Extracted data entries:
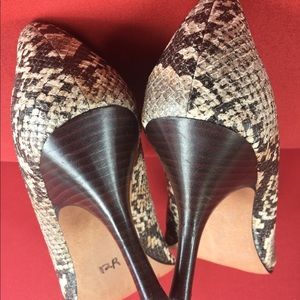 Tahari Snakeprint Pumps with Brown Heels in Excellent Condition. Some peeling inside as shown in the last picture. Heel approx 3”.
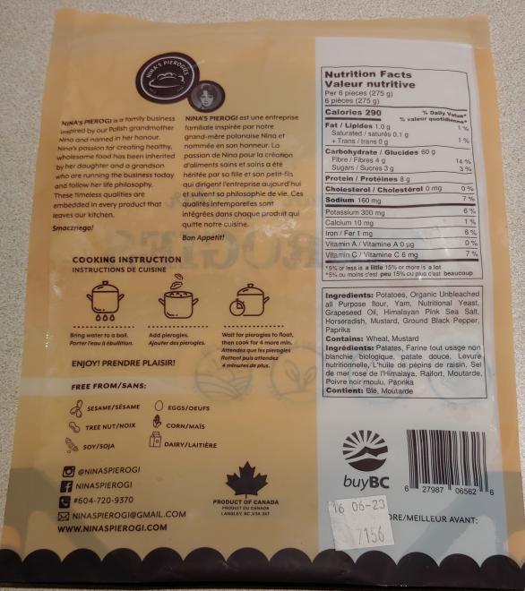 | Nina's Pierogies | Pierogies cheddar végétalien | 450 g | 6 27987 06562 6 | 16 06-23 7156 |
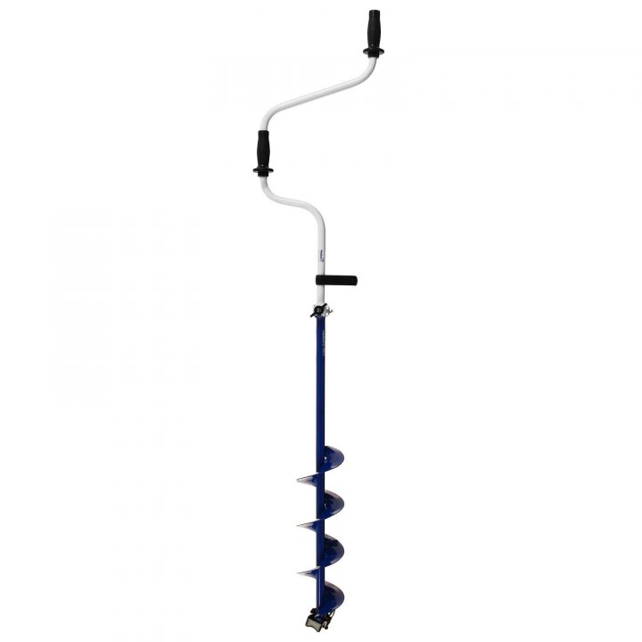 Ледобур рыболовный складной шнековый с правым вращением предназначен для бурения отверстий во льду при ловле рыбы. Верхняя рукоятка ледобура смещена относительно оси ледобура на 130 мм, а нижняя на 150 мм. Такое расположение рукояток позволяет вращать ледобур одновременно двумя руками, тем самым, увеличивая скорость бурения лунок во льду.
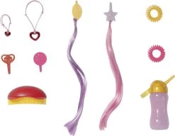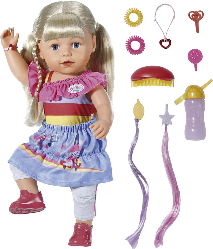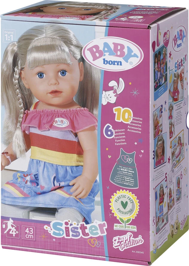 BABY born søster 43 cm med kjole, leggings og sko Følgende tilbehør medfølger flaske, hårbørste, 2 spiralelastikker, 2 hårspænder, 2 klips med hår extensions og venskabsarmbånd til barn og dukkeFra 4 år
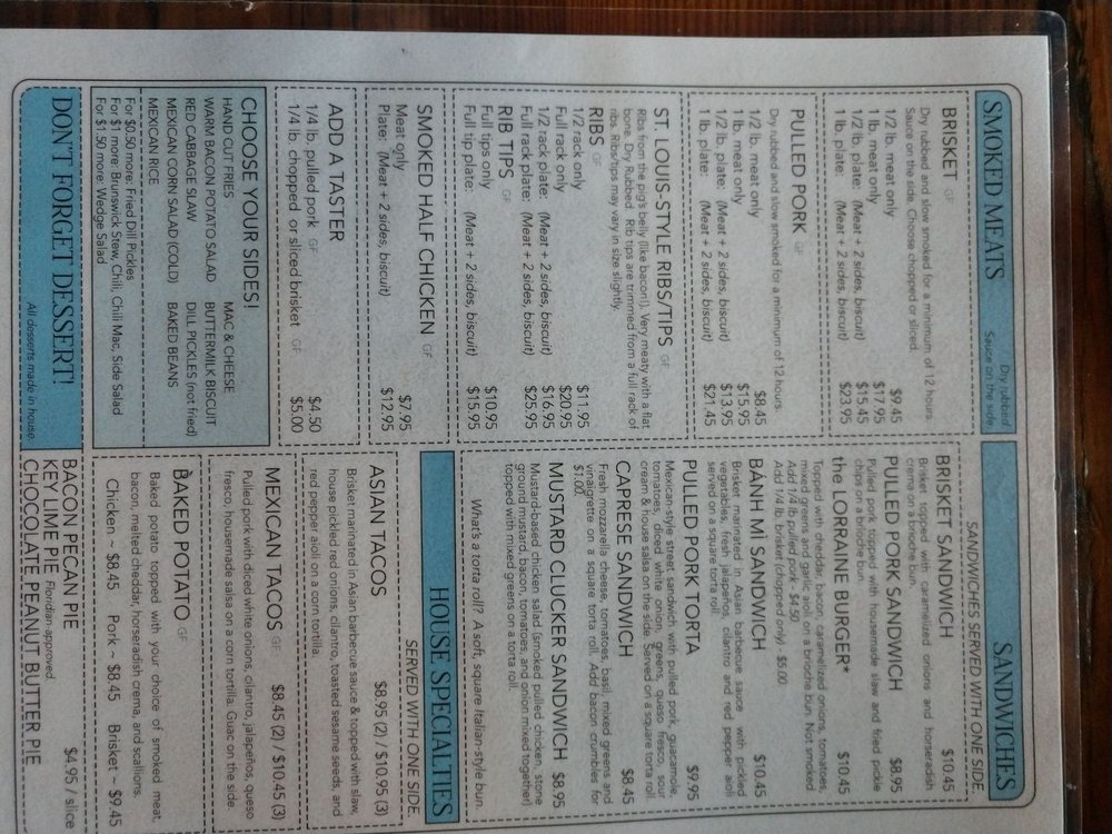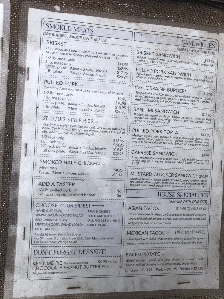 Dry rubbed beef brisket slow smoked for a minimum of 12 hours. Plate = meat, your choice of 2 sides plus a housemade buttermilk biscuit. BBQ sauce on the side.
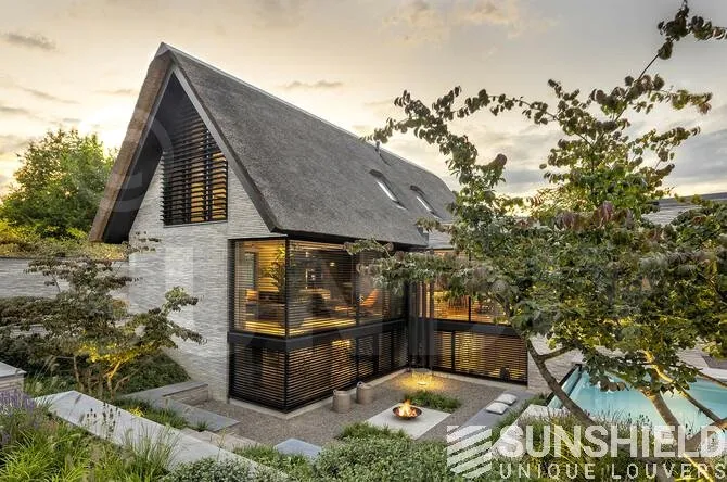 Les persiennes de forme rectangulaire/triangle de la façade avant sont placées dans un angle fixe lors de l’installation.
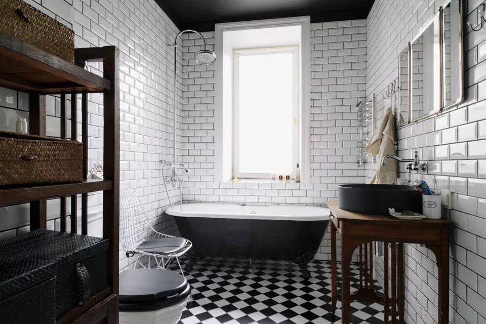 Допускается класть крупный материал даже в помещениях с площадью в 3-4 кв. м, поскольку визуально он не уменьшает пространство. А если сделать отделку в виде горизонтальных линий разных цветов, то это даже поможет создать впечатление более просторного помещения в малогабаритных ваннах.
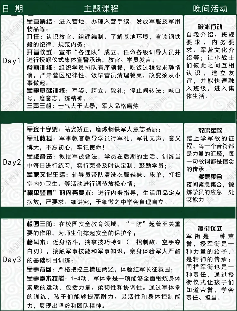 费用全包,孩子的衣食住行、保险军装等等,后期没有任何额外费用
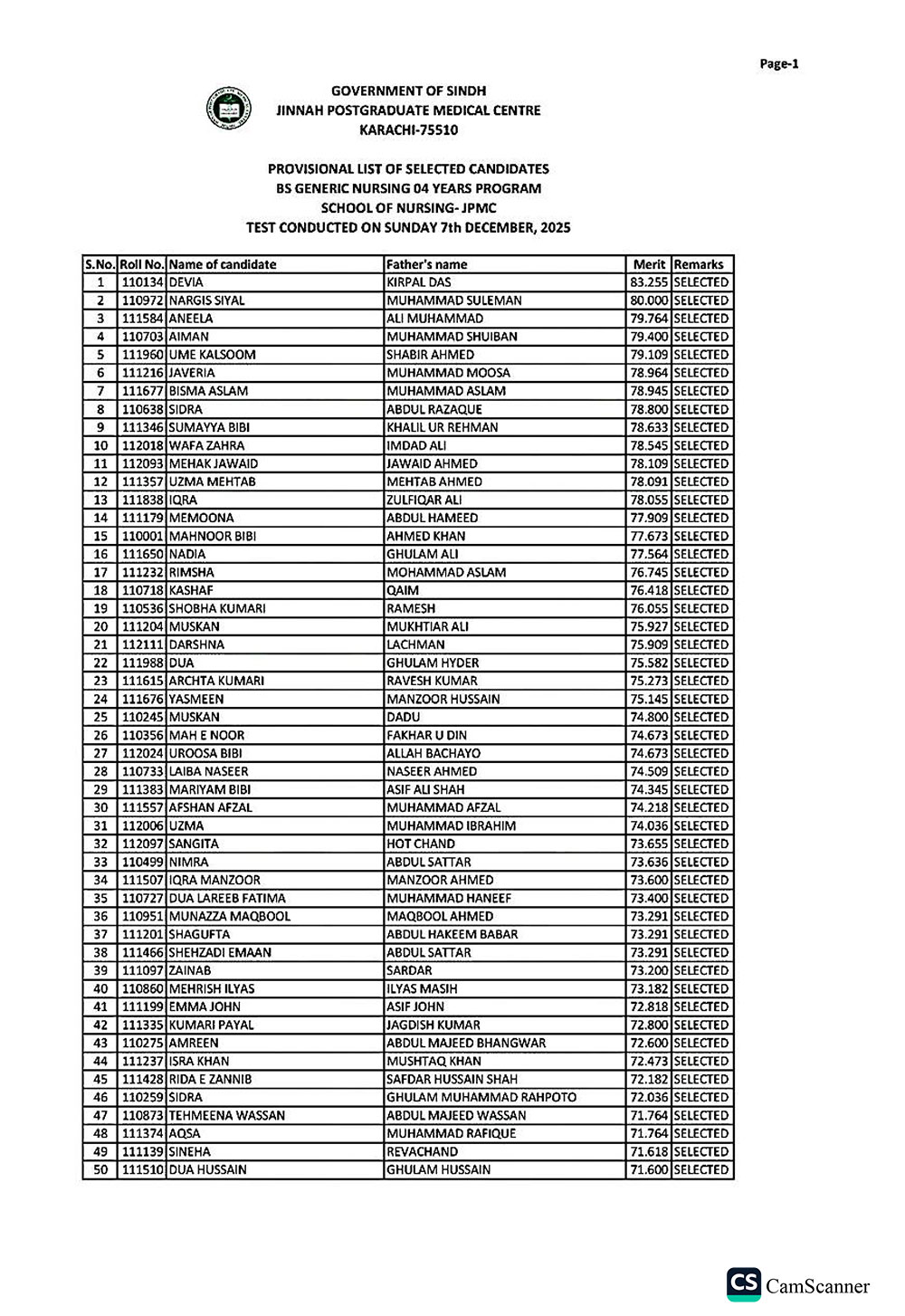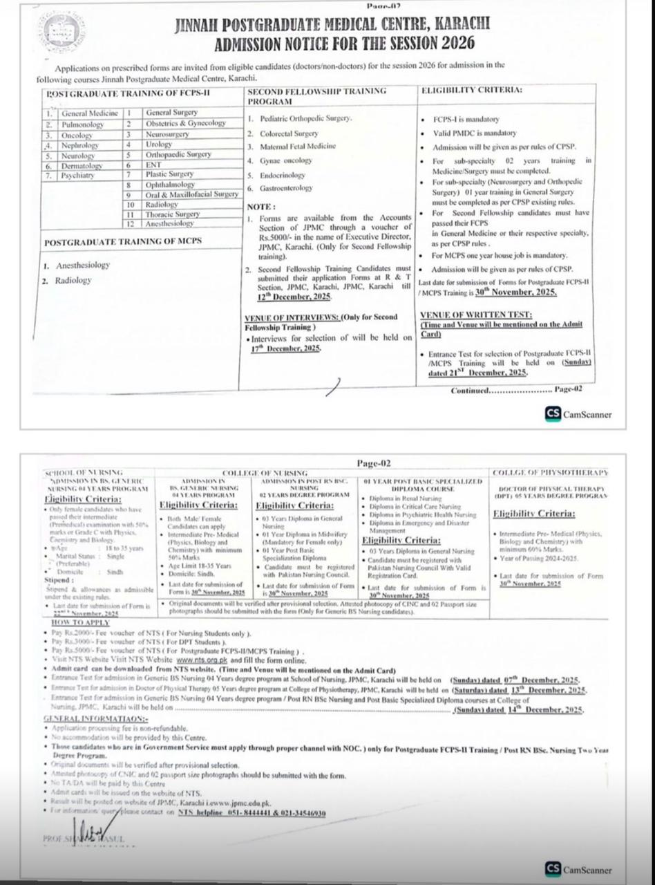 According to information obtained by Health Matters, the nursing admission test was conducted by NTS, however the results were not available on the NTS website until December 26 afternoon. During this period, JPMC administration confirmed that it had already received the candidates’ list from NTS and proceeded with admissions-related actions, including placing a selected list on the JPMC website.
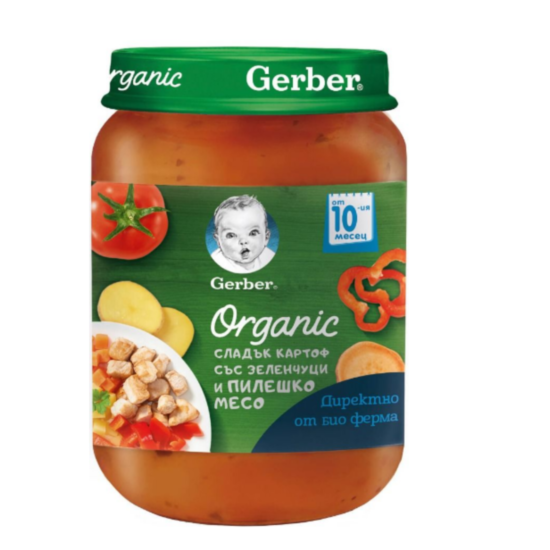 ГЕРБЕР 6458 ОРГАНИК ПЮРЕ СЪС СЛАДЪК КАРТОФ, ЗЕЛЕНЧУЦИ И ПИЛЕШКО МЕСО 190ГР.
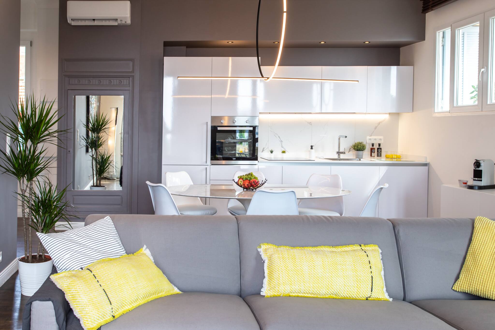 Кухня, совмещенная с залом, оборудовано холодильник, микроволновая печь, духовка, морозильная камера, посудомоечная машина, столовые приборы, кухонная утварь, кофеварка, тостер и Чайник.
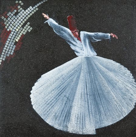 Aldo Mondino (Torino 1938 - 2005) SENZA TITOLO, 2001 Olio su linoleum, cm. 40x40 Sul verso: firma e data. Autentica dell'Archivio Aldo Mondino con timbro a secco e firma "Antonio Mondino" ed Inventario n° 20080619002004.
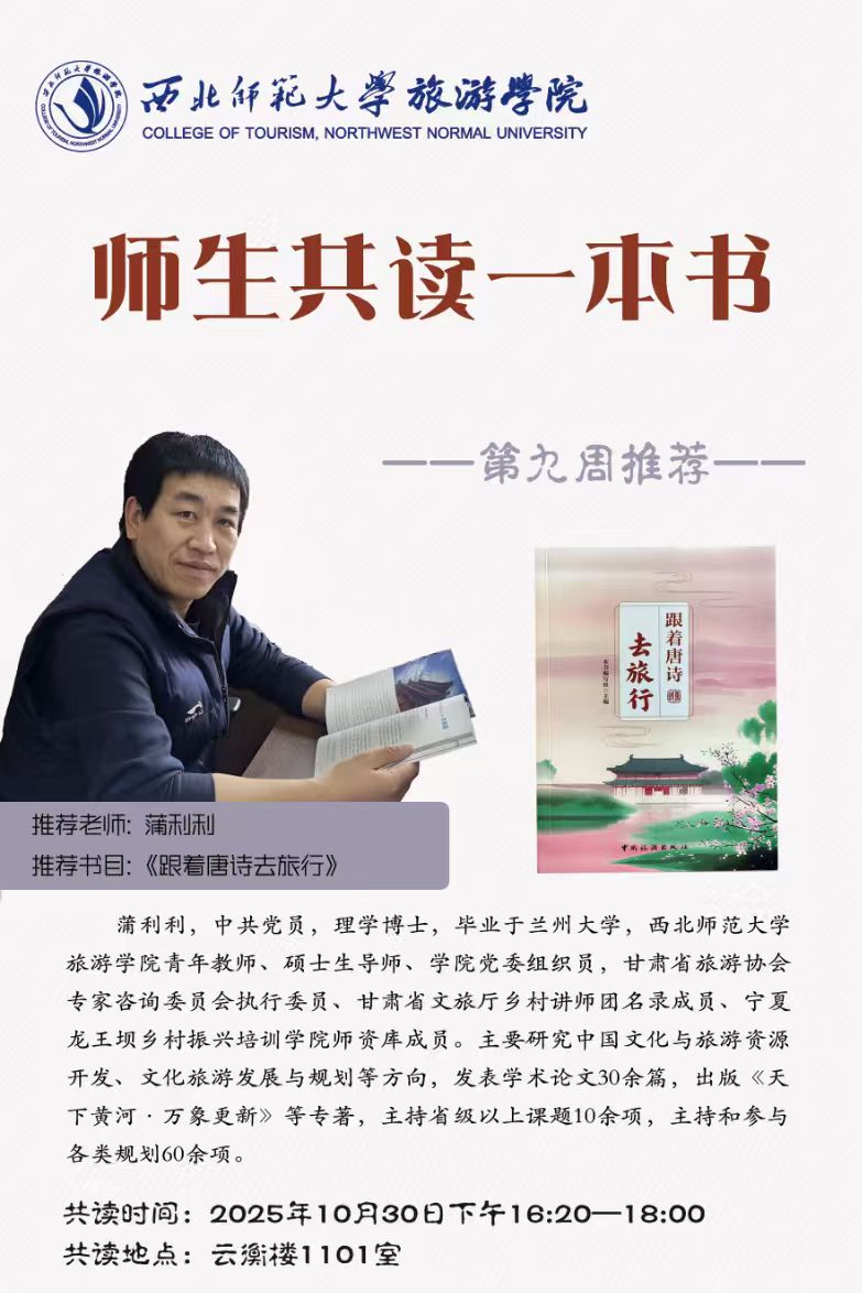 10月30日下午,第三期师生共读活动在云衢楼 1101 室如期开展。蒲利利老师为同学们推荐了《跟着唐诗去旅行》一书。活动中,蒲利利老师结合自身丰富的课题研究与规划实践经验,带领同学们循着唐诗足迹感受山河之美。同学们积极分享阅读心得,探讨唐诗中的文化内涵与旅游资源开发路径,在交流中深化了对文旅融合的理解。
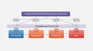 The third trait — and the one most often underinvested — is a single management plane across all environments. Without it, you are operating multiple clouds in parallel, not a hybrid cloud. Unified hybrid cloud management tools include container orchestration platforms (Kubernetes is the de-facto standard for workload portability), policy-as-code frameworks for consistent governance, centralized identity and access management (IAM) federating across environments, and cloud management platforms like Red Hat OpenShift, AWS Outposts, or Google Anthos that extend a consistent API surface to on-premises and edge nodes.
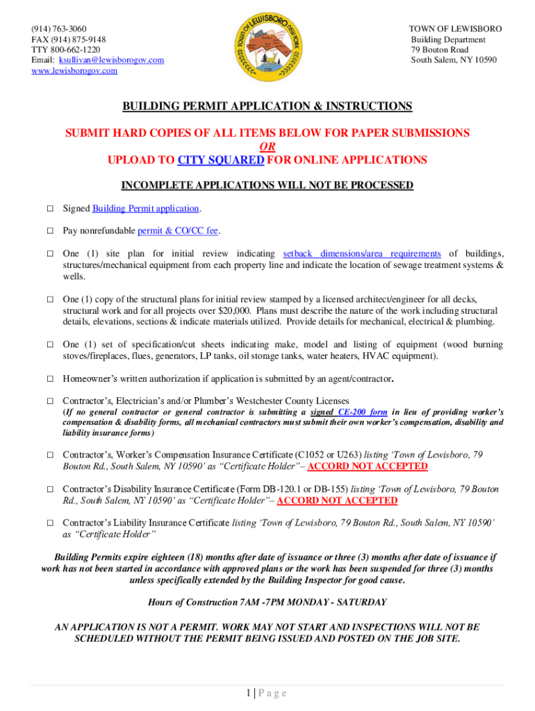 (914) 7633060 FAX (914) 8759148 TTY 8006621220 Email: ksullivan@lewisborogov.com www.lewisborogov.comTOWN OF LEWISTON Building Department 79 Boston Road South Salem, NY 10590BUILDING PERMIT APPLICATION
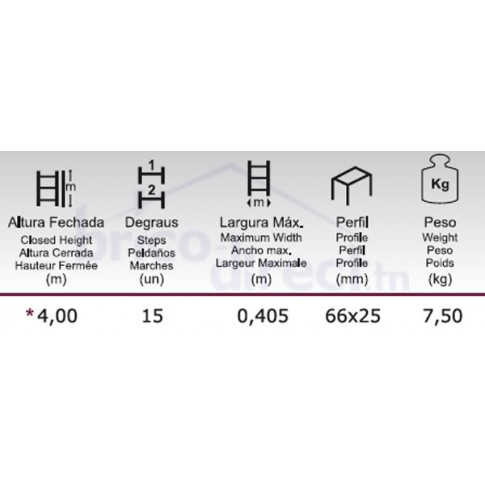 Echelle simple en aluminium 15 marches. pieds munis de sabots anti-dérapants. Profils en Aluminium pour un poids total de 7.5 Kg.
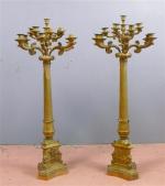 Importante paire de candélabres à bouquet de treize lumières d'époque début XIX's en bronze doré, fut rond fuselé à godrons et acanthes sur base tripode à têtes de lion ailé monopode. Haut : 1,13 m.
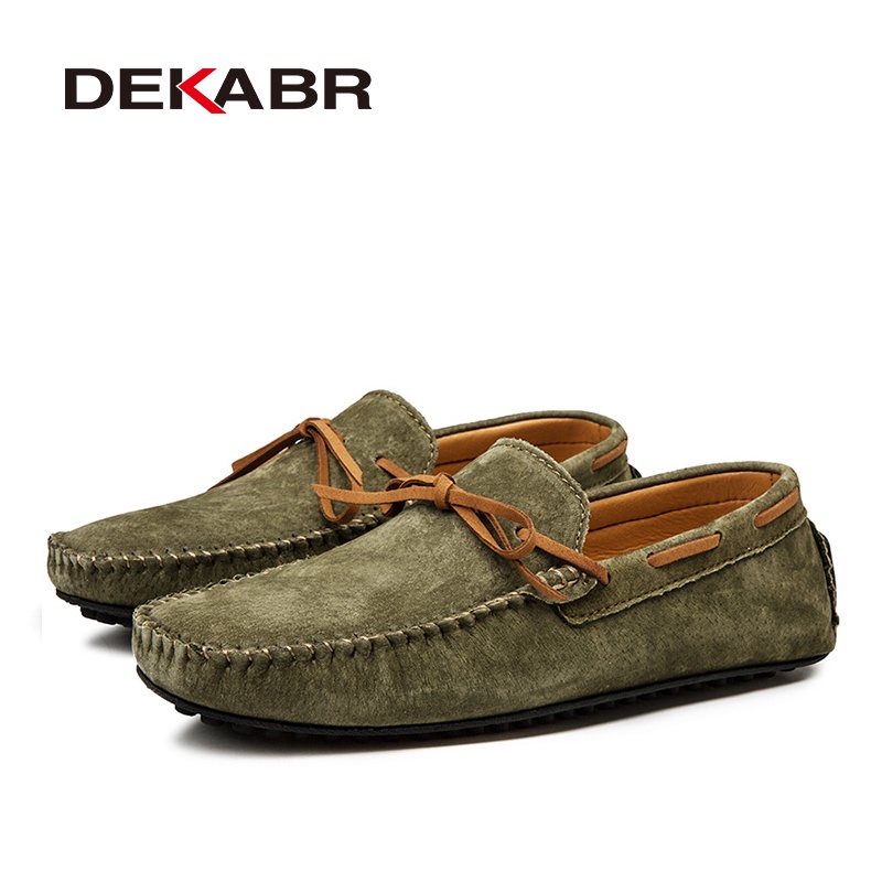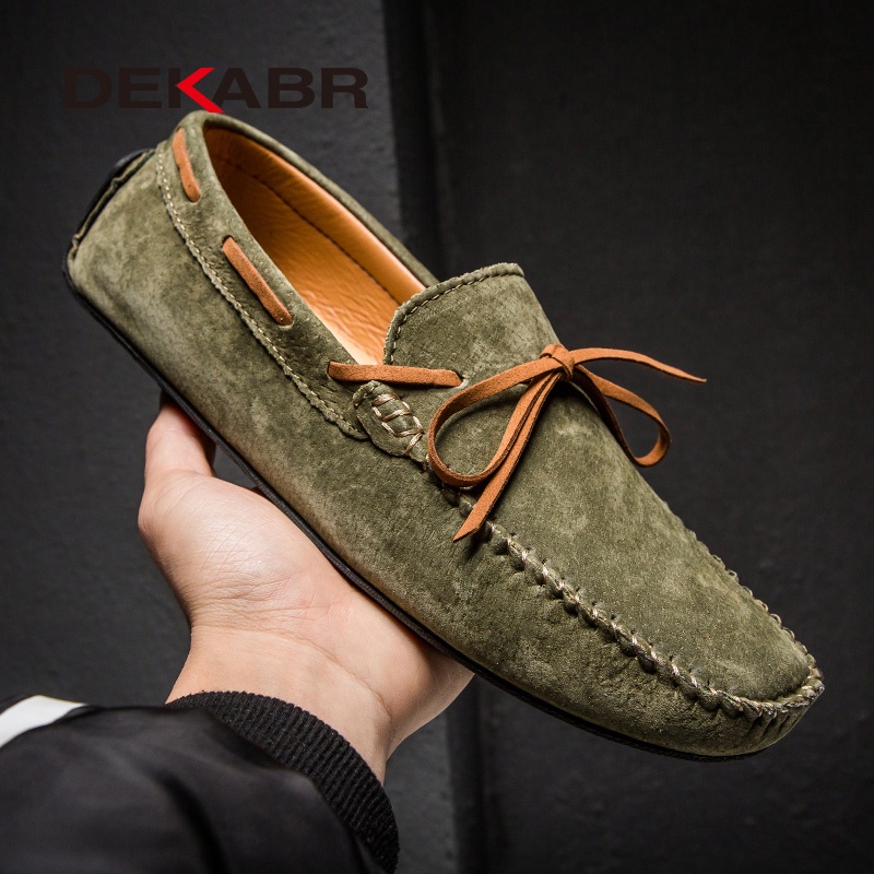 รองเท้าโลฟเฟอร์ลําลอง หนังวัวแท้ ระบายอากาศได้ดี สีเขียว แฟชั่นฤดูร้อน สําหรับผู้ชาย

» **EXERCISE INSTRUCTIONS**
Please print the lines above word for word, starting at the one with "BABY born søster" and ending at the one with "Les persiennes de", both included, and without any picture.

» **TASK OUTPUT**
 BABY born søster 43 cm med kjole, leggings og sko Følgende tilbehør medfølger flaske, hårbørste, 2 spiralelastikker, 2 hårspænder, 2 klips med hår extensions og venskabsarmbånd til barn og dukkeFra 4 år
 Dry rubbed beef brisket slow smoked for a minimum of 12 hours. Plate = meat, your choice of 2 sides plus a housemade buttermilk biscuit. BBQ sauce on the side.
 Les persiennes de forme rectangulaire/triangle de la façade avant sont placées dans un angle fixe lors de l’installation.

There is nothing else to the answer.